Cela nous a donné une ville dont le taux de taxation de base n’a pas augmenté une seule fois dans les quatre ans de mon administration et dont la dette diminuait[1]. Une formidable croissance économique a soutenu la mise en place de la nouvelle ville : durant la seule année 2004, la valeur des permis de construction a augmenté de 53 % à Lévis, soit trois fois plus vite que la moyenne provinciale, et plus de 3 000 emplois ont été créés. De plus, Lévis est demeurée entre 2002 et 2005 l’une des villes, sinon la ville du Québec de plus de 100 000 habitants dont le coût de fonctionnement par habitant a été le moins élevé[2].

Je savais d’instinct que la nouvelle ville ne tiendrait pas le coup si les contribuables avaient l’impression que l’administration municipale profitait de la fusion pour se servir. Il fallait entre autres contrôler la masse salariale. Le gouvernement avait inscrit dans la loi l’obligation d’harmoniser les conventions collectives, mais à coût nul. Plus facile à dire qu’à faire car, s’il n’était pas question de diminuer la rémunération des employés les mieux payés, il fallait aussi répondre aux attentes de ceux qui, en bas de l’échelle, voulaient atteindre la parité le plus rapidement possible.

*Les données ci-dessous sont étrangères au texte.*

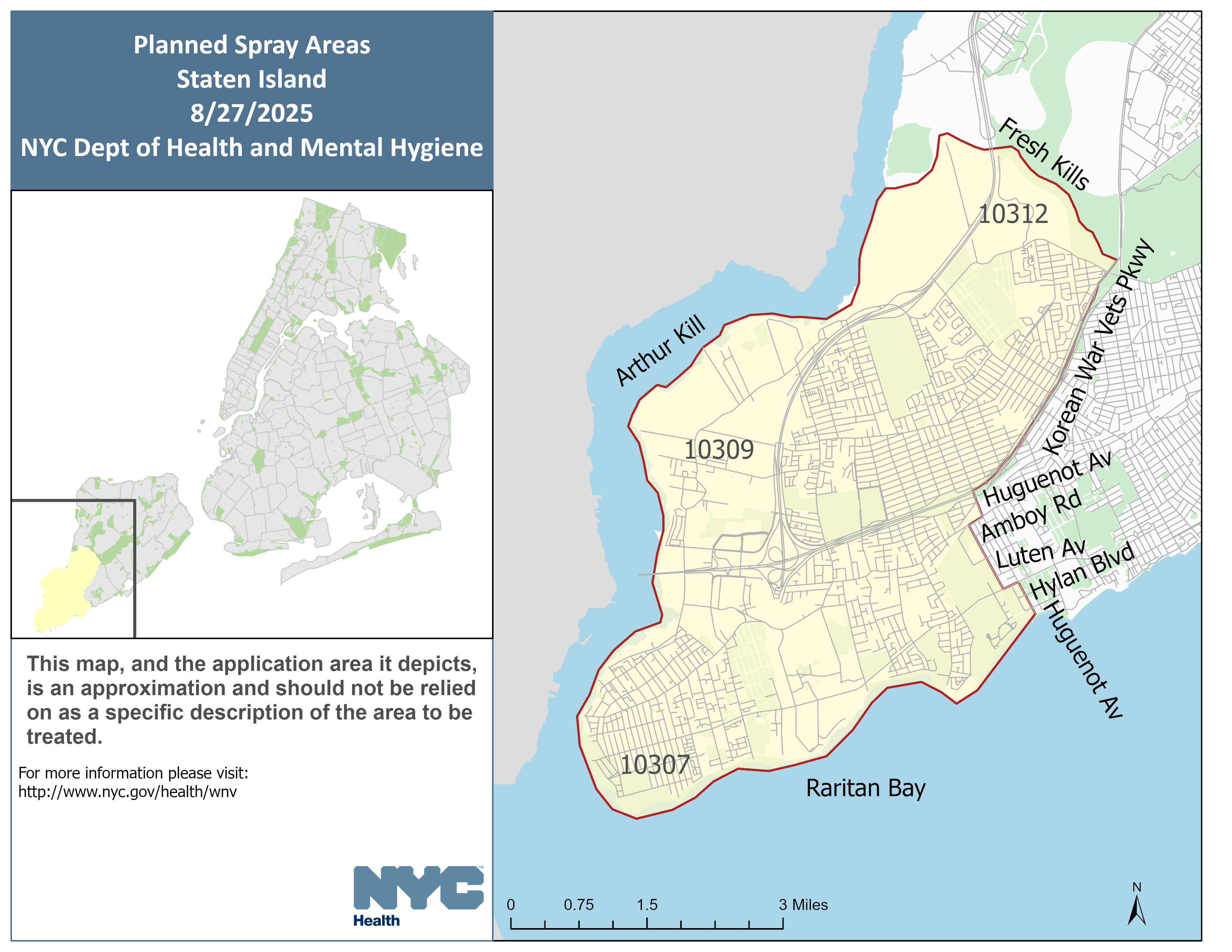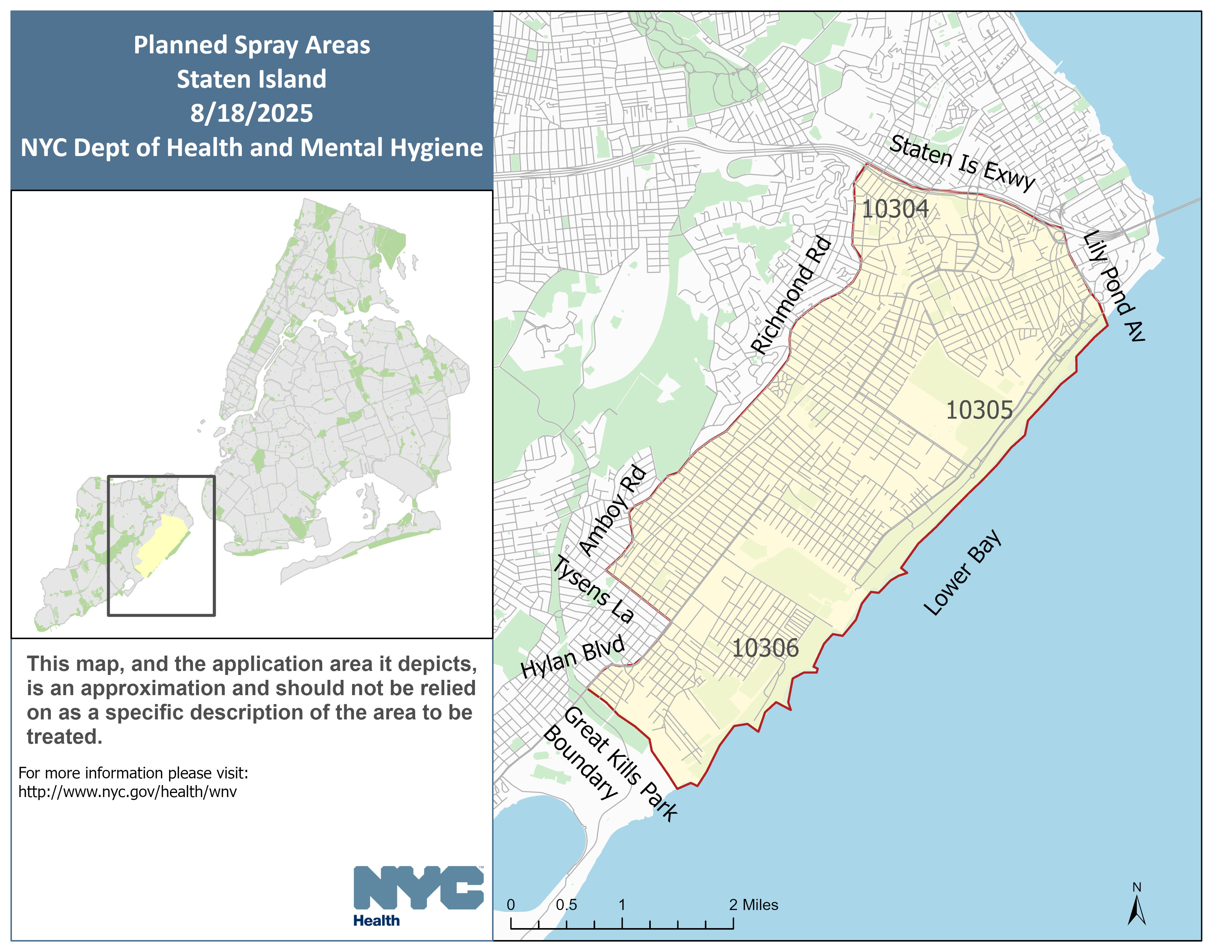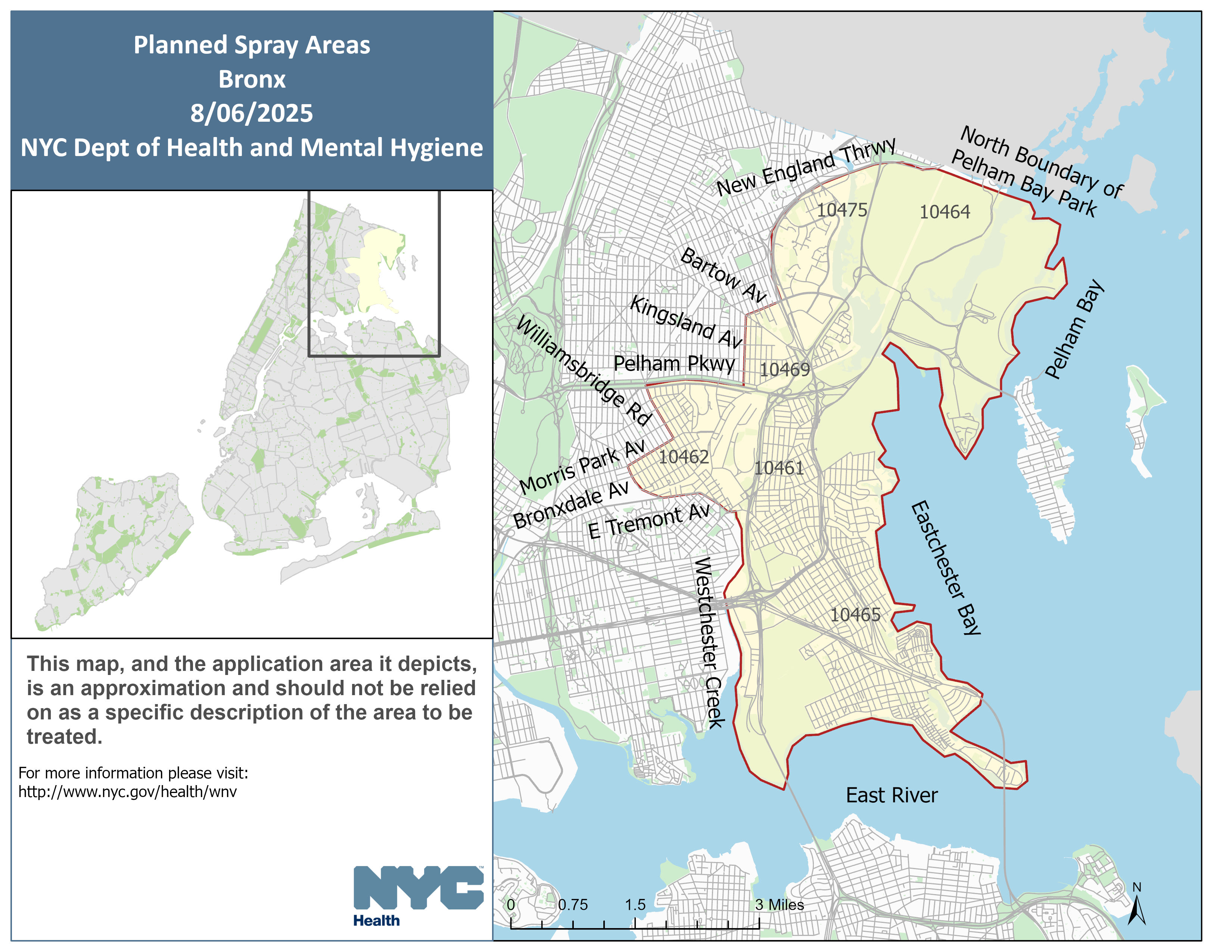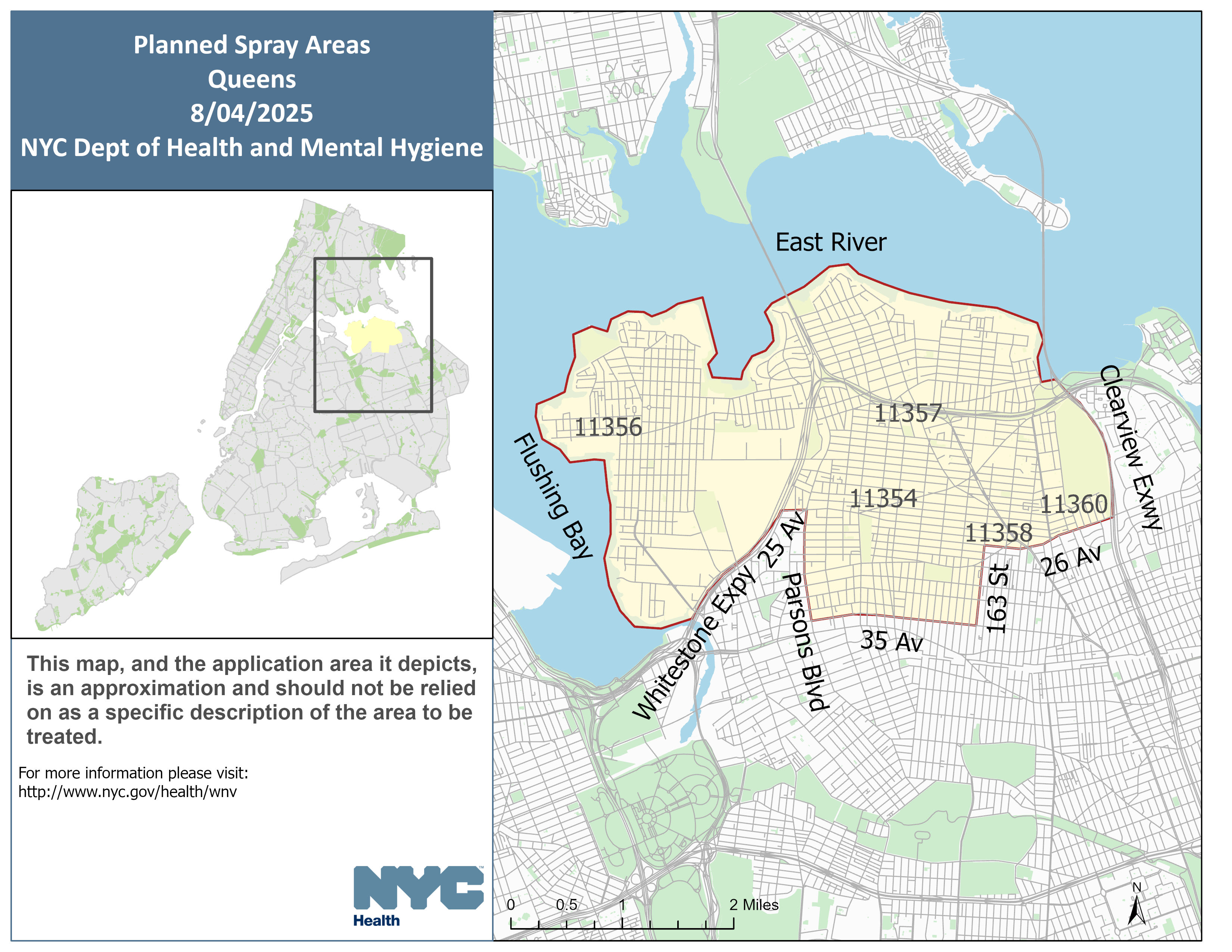 Larvicide products are for use in catch basins and water bodies, while adulticide products are limited for targeted control of adult mosquitoes throughout the five boroughs as needed.

Mon expérience de la négociation des conventions collectives des enseignants, du temps où j’étais ministre, m’a été des plus utile : il n’y a pas eu de grève, peu de moyens de pression et pas d’insultes. Nous avons réglé les choses syndicat par syndicat, convention par convention (policiers, pompiers, cols bleus, cols blancs et cadres) en respectant à la lettre notre cadre financier. Les augmentations devaient être compensées par des économies dans l’organisation du travail. Ainsi, les employés ont accepté d’assumer la moitié des risques de déficit de leurs fonds de pension, un point très important pour l’avenir des finances de la ville. Actuellement, les grandes villes de Montréal et de Québec visent cet objectif que nous avons négocié dès 2005.

Une locomotive économique (pages 495-496)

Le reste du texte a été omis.